INPUT FOR THIS TASK:

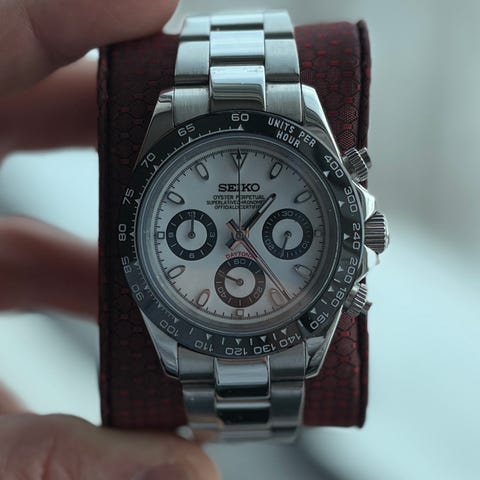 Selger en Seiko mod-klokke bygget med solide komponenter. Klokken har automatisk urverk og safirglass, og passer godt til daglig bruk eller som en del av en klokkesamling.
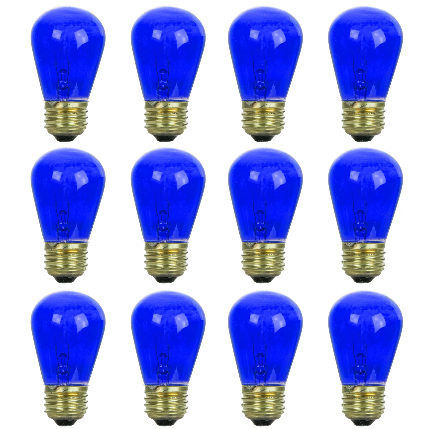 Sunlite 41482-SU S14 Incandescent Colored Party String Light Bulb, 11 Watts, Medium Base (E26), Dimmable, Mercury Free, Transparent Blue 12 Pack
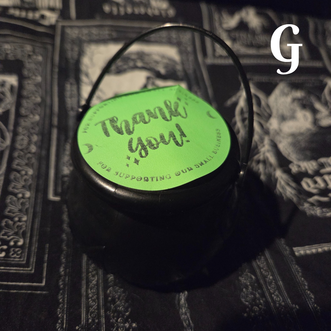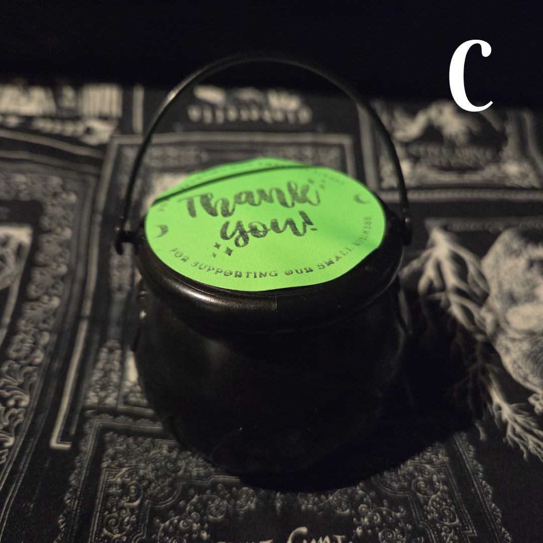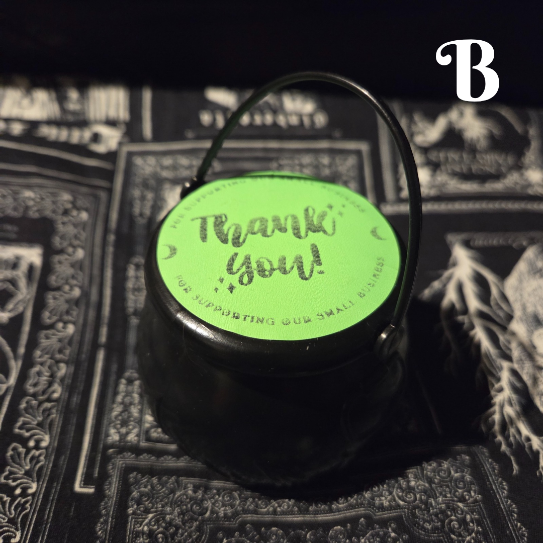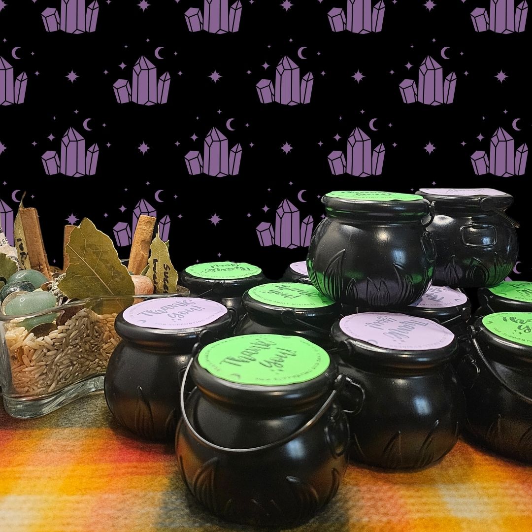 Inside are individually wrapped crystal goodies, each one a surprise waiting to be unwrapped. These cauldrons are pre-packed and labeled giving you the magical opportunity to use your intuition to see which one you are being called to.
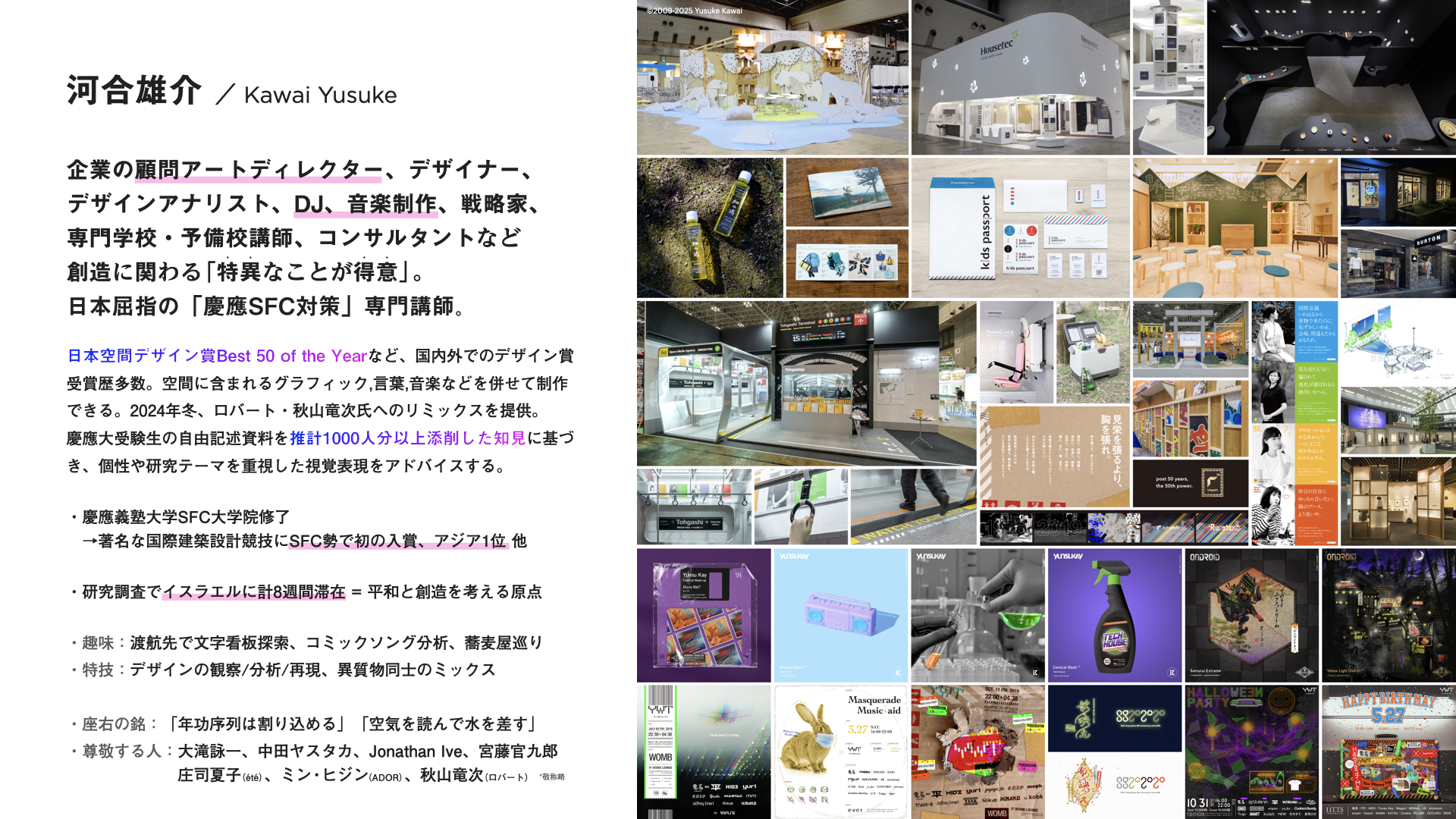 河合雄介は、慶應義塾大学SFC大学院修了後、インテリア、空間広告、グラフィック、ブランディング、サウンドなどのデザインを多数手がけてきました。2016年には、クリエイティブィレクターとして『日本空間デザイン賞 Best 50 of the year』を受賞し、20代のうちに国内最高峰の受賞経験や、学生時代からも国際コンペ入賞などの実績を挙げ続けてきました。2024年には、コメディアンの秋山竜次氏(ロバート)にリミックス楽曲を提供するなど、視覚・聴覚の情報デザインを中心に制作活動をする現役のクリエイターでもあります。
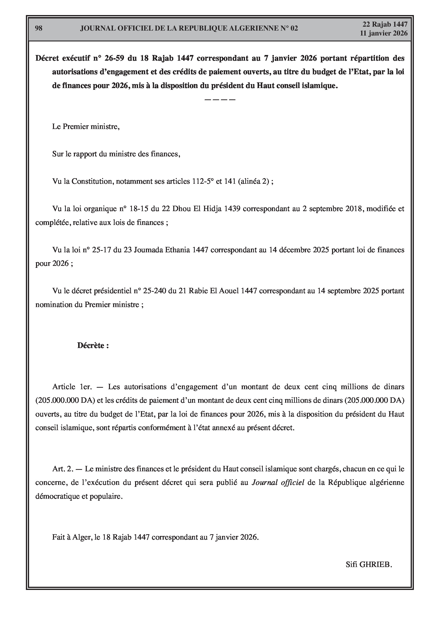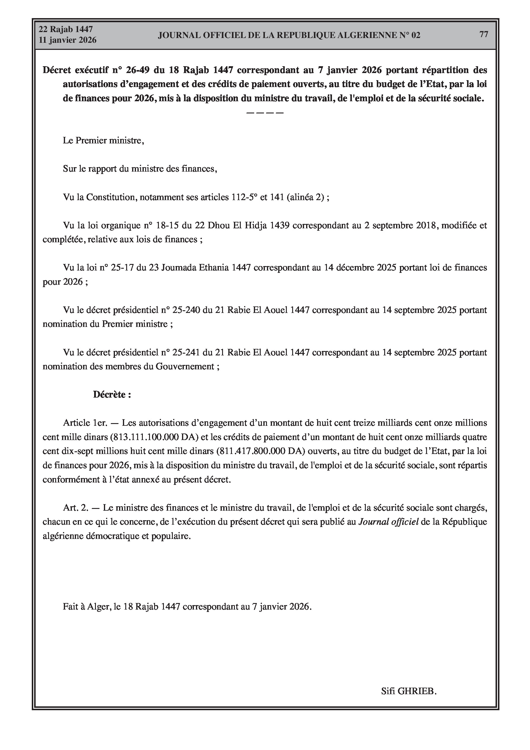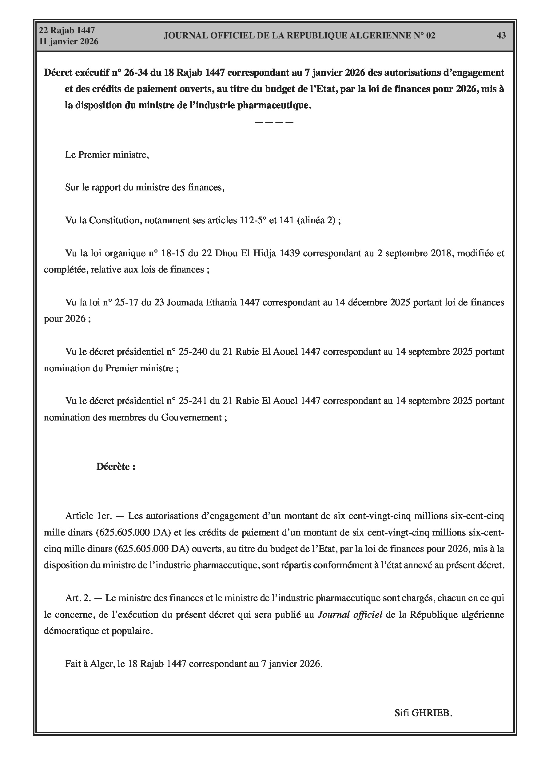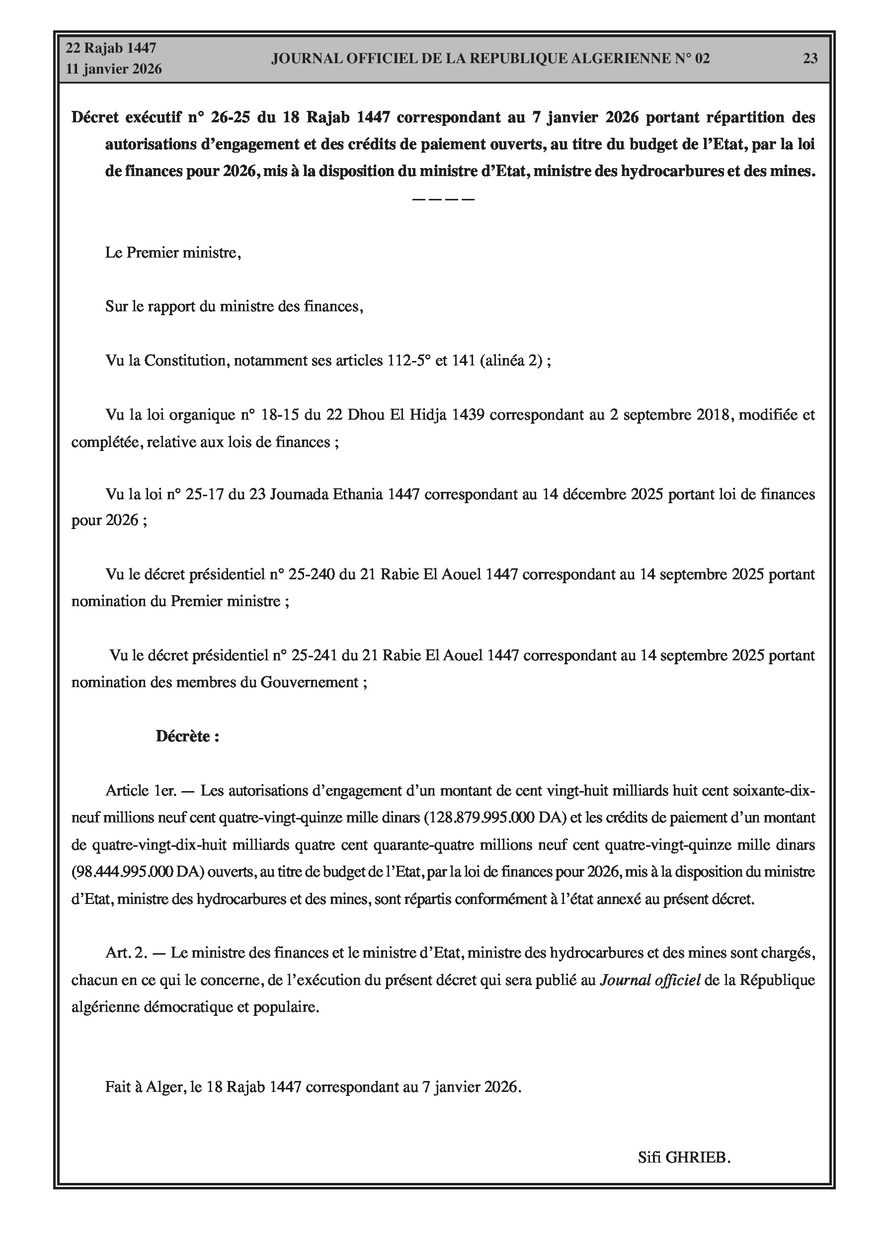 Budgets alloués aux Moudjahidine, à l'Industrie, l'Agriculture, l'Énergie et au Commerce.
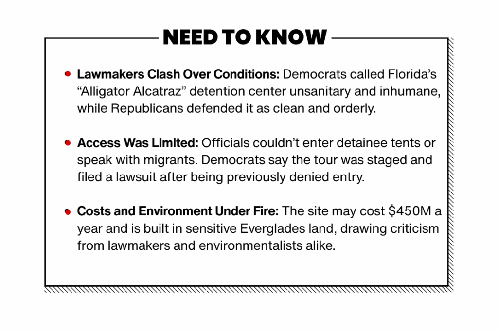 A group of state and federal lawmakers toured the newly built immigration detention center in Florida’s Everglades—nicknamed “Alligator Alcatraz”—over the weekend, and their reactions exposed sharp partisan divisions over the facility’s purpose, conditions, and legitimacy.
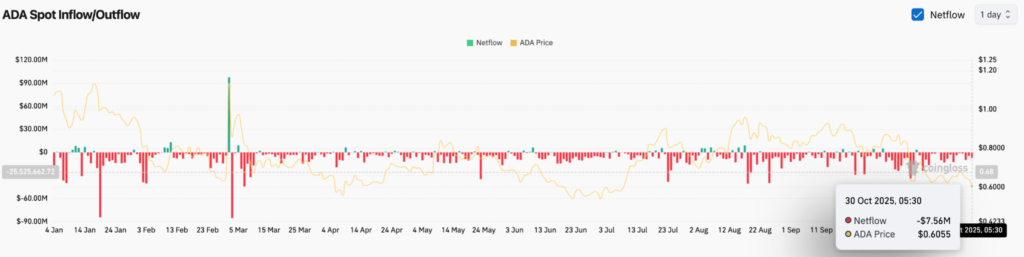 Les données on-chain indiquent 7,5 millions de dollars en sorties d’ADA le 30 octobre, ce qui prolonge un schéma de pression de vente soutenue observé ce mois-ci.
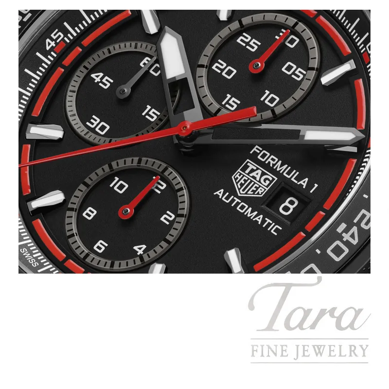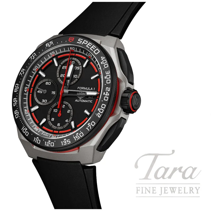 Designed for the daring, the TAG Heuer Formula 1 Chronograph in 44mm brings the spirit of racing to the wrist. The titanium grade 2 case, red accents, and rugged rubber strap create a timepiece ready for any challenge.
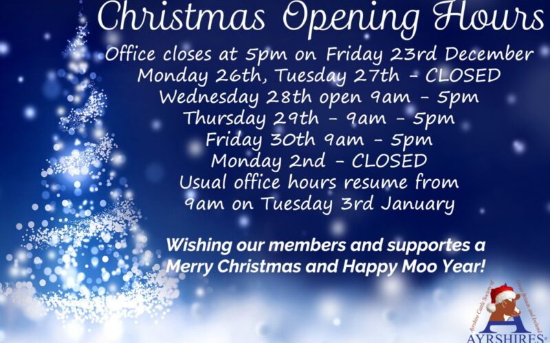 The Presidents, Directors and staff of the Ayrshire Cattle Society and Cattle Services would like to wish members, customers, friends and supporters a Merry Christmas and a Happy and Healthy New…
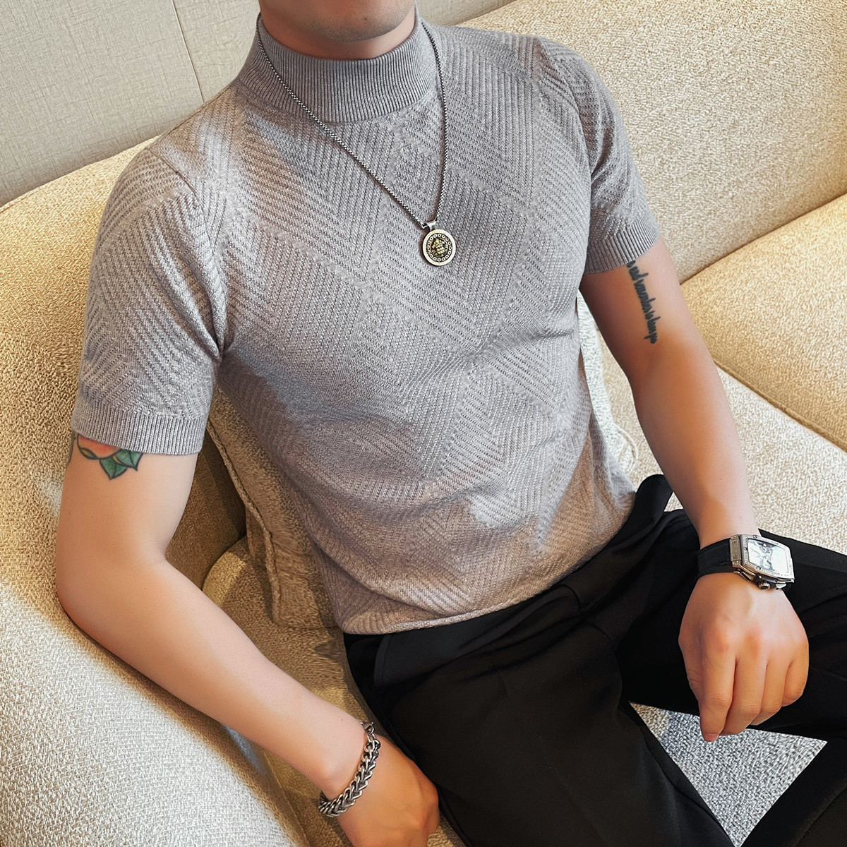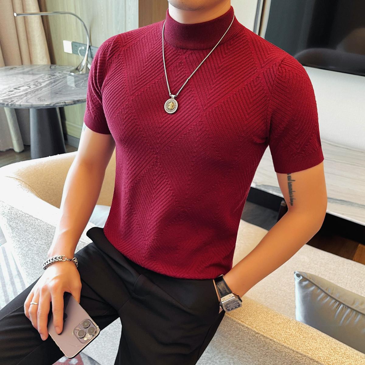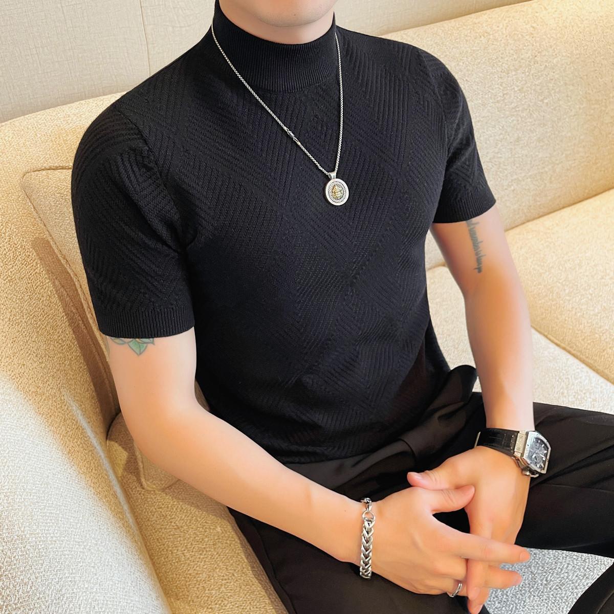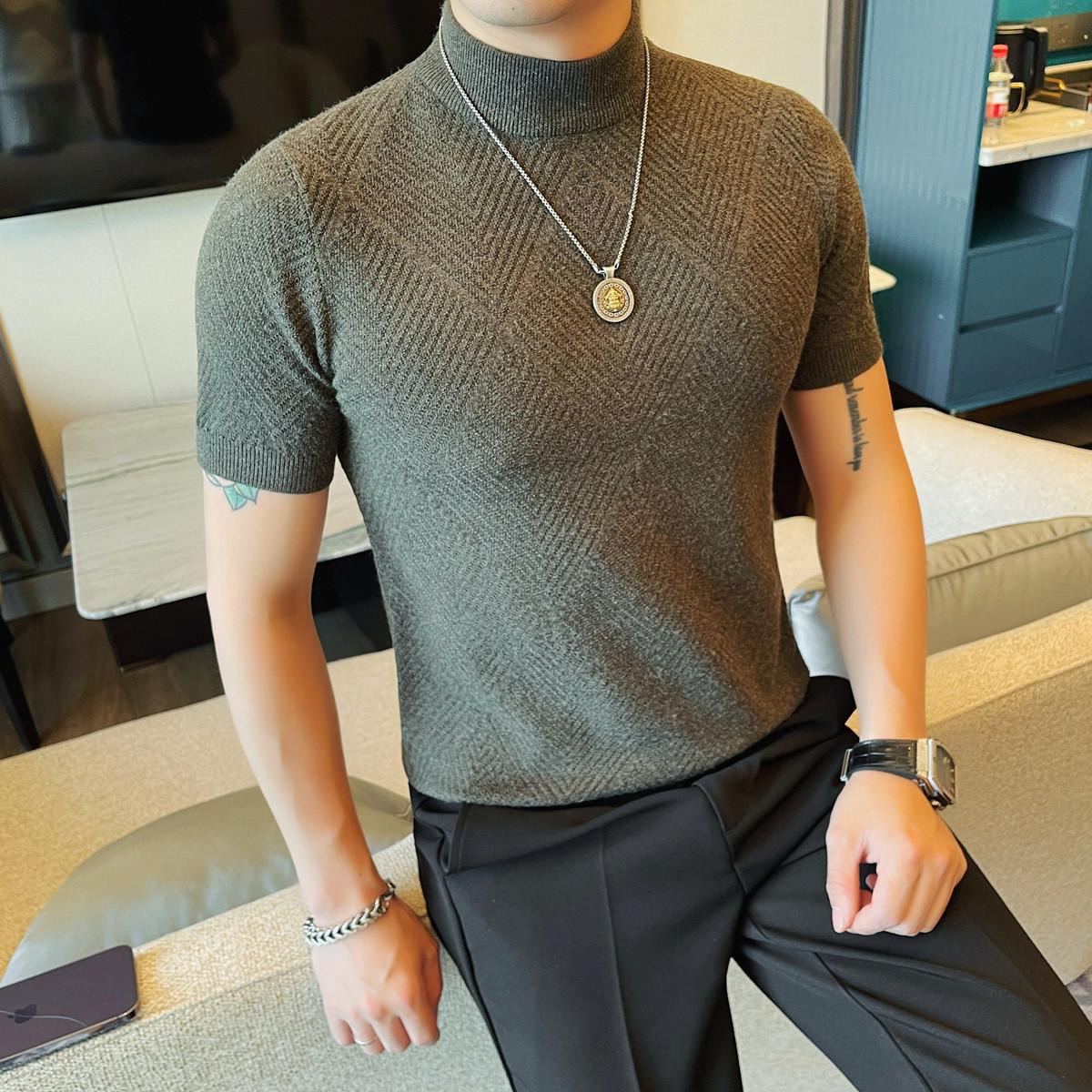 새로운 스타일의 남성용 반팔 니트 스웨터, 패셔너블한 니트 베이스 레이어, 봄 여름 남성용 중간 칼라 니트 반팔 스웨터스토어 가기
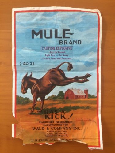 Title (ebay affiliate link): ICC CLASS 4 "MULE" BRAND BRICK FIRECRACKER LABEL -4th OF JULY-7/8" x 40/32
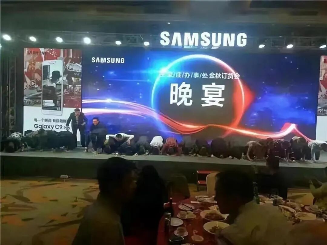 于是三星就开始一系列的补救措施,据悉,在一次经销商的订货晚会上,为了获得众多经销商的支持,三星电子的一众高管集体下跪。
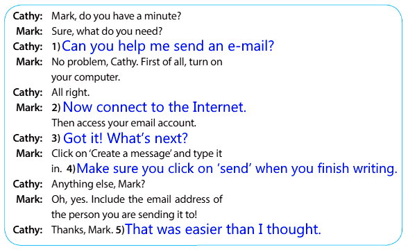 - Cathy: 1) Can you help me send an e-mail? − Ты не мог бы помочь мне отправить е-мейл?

THE PROBLEM: Type out the data above once more, exactly, with no images included.

ANSWER BOX:
 Selger en Seiko mod-klokke bygget med solide komponenter. Klokken har automatisk urverk og safirglass, og passer godt til daglig bruk eller som en del av en klokkesamling.
 Sunlite 41482-SU S14 Incandescent Colored Party String Light Bulb, 11 Watts, Medium Base (E26), Dimmable, Mercury Free, Transparent Blue 12 Pack
 Inside are individually wrapped crystal goodies, each one a surprise waiting to be unwrapped. These cauldrons are pre-packed and labeled giving you the magical opportunity to use your intuition to see which one you are being called to.
 河合雄介は、慶應義塾大学SFC大学院修了後、インテリア、空間広告、グラフィック、ブランディング、サウンドなどのデザインを多数手がけてきました。2016年には、クリエイティブィレクターとして『日本空間デザイン賞 Best 50 of the year』を受賞し、20代のうちに国内最高峰の受賞経験や、学生時代からも国際コンペ入賞などの実績を挙げ続けてきました。2024年には、コメディアンの秋山竜次氏(ロバート)にリミックス楽曲を提供するなど、視覚・聴覚の情報デザインを中心に制作活動をする現役のクリエイターでもあります。
 Budgets alloués aux Moudjahidine, à l'Industrie, l'Agriculture, l'Énergie et au Commerce.
 A group of state and federal lawmakers toured the newly built immigration detention center in Florida’s Everglades—nicknamed “Alligator Alcatraz”—over the weekend, and their reactions exposed sharp partisan divisions over the facility’s purpose, conditions, and legitimacy.
 Les données on-chain indiquent 7,5 millions de dollars en sorties d’ADA le 30 octobre, ce qui prolonge un schéma de pression de vente soutenue observé ce mois-ci.
 Designed for the daring, the TAG Heuer Formula 1 Chronograph in 44mm brings the spirit of racing to the wrist. The titanium grade 2 case, red accents, and rugged rubber strap create a timepiece ready for any challenge.
 The Presidents, Directors and staff of the Ayrshire Cattle Society and Cattle Services would like to wish members, customers, friends and supporters a Merry Christmas and a Happy and Healthy New…
 새로운 스타일의 남성용 반팔 니트 스웨터, 패셔너블한 니트 베이스 레이어, 봄 여름 남성용 중간 칼라 니트 반팔 스웨터스토어 가기
 Title (ebay affiliate link): ICC CLASS 4 "MULE" BRAND BRICK FIRECRACKER LABEL -4th OF JULY-7/8" x 40/32
 于是三星就开始一系列的补救措施,据悉,在一次经销商的订货晚会上,为了获得众多经销商的支持,三星电子的一众高管集体下跪。
 - Cathy: 1) Can you help me send an e-mail? − Ты не мог бы помочь мне отправить е-мейл?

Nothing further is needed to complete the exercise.